Is this too much for bis if i do four exercises of 3 reps ? what do you think about that ?


----------



## doodoop (Dec 9, 2011)

cav11 said:


> Is this too much for bis if i do four exercises of 3 reps ? what do you think about that ?



That is too little in my opinion reps wise bro.
Try three excercises,5 to 8 reps.


----------



## Alex. (Dec 10, 2011)

i'm the opposite mine have gotten bigger from less weight, 3-8 reps usually. 3-4 sets 2 excercises


----------



## kevin (Dec 12, 2011)

My bi's response better with more reps and lower weights. . I really would like to get your opinions on this lower weight subject


----------



## forman (Dec 13, 2011)

Each persons body responds differently.

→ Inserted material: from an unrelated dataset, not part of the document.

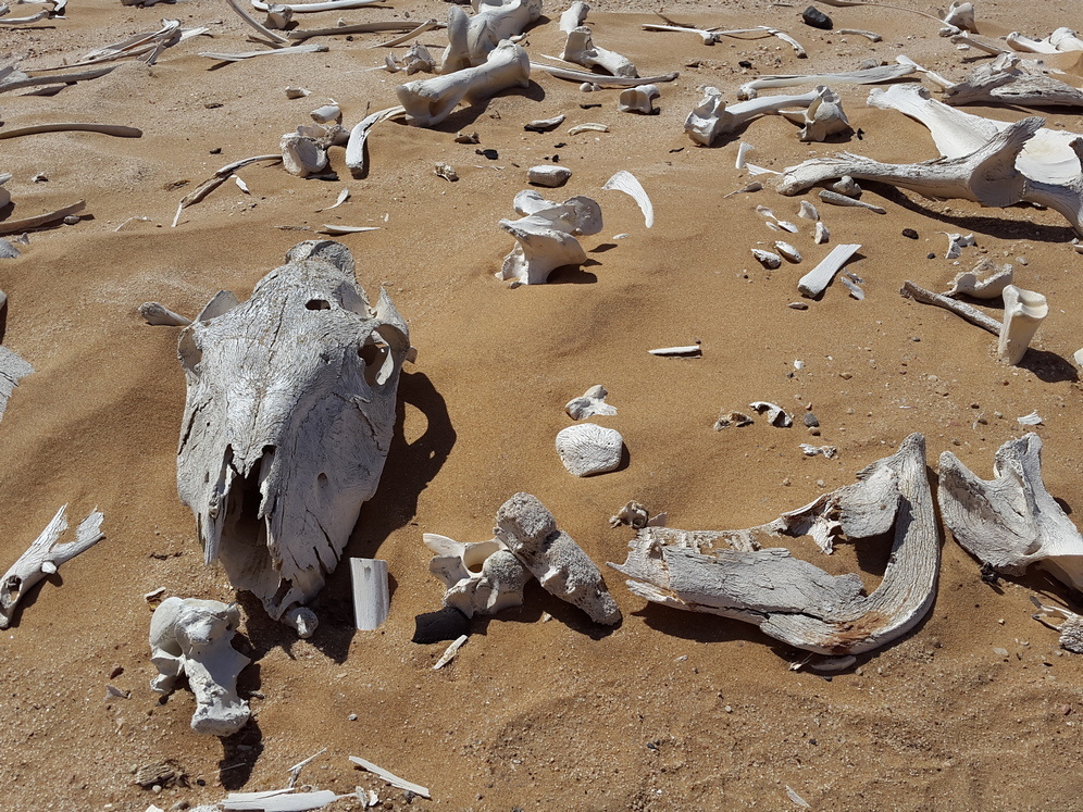 Почти неизвестное место на атлантическом побережье Намибии и исторические события, стоящие за ним. Долгое время существовало несколько версий о скоплениях лошадиных костей в дюнах в нескольких километрах от прибрежного города Свакопмунд в Намибии. Лишь ограниченное число людей, обычно водители внедорожников или квадроциклистов, натыкались на длинные ряды белых конских черепов и костей в дюнах примерно в 4 км к югу от реки Свакоп. Самый загадочный факт заключается в том, что во лбу каждого черепа есть пулевое отверстие. Самая популярная версия, которая долгое время существовала, гласила, что лошади использовались немецкими отрядами Schutztruppe во время Первой мировой войны и что они умерли от неизвестного заболевания, от пищевого отравления или недостатка пищи/воды. Но почему в каждом черепе есть пулевое отверстие? Были ли это немецкие лошади или лошади южноафриканских оккупационных сил? Скорее всего, лошади не принадлежали немецким подразделениям Schutztruppe. Никогда прежде в самом г

Just find what works best for your body.


----------



## ASHOP (Dec 14, 2011)

cav11 said:


> Is this too much for bis if i do four exercises of 3 reps ? what do you think about that ?



I would do more reps if it were me. Somewhere in the range of 6-10 reps.


----------



## anton88 (Dec 16, 2011)

I do 8-12 reps for 4 different excercies. Barbell, Dumbell curls, DB Preacher curls and Hammer curls.


----------



## alan.lev (Dec 19, 2011)

Three exercises, 9 total sets, 8-10 rep range


----------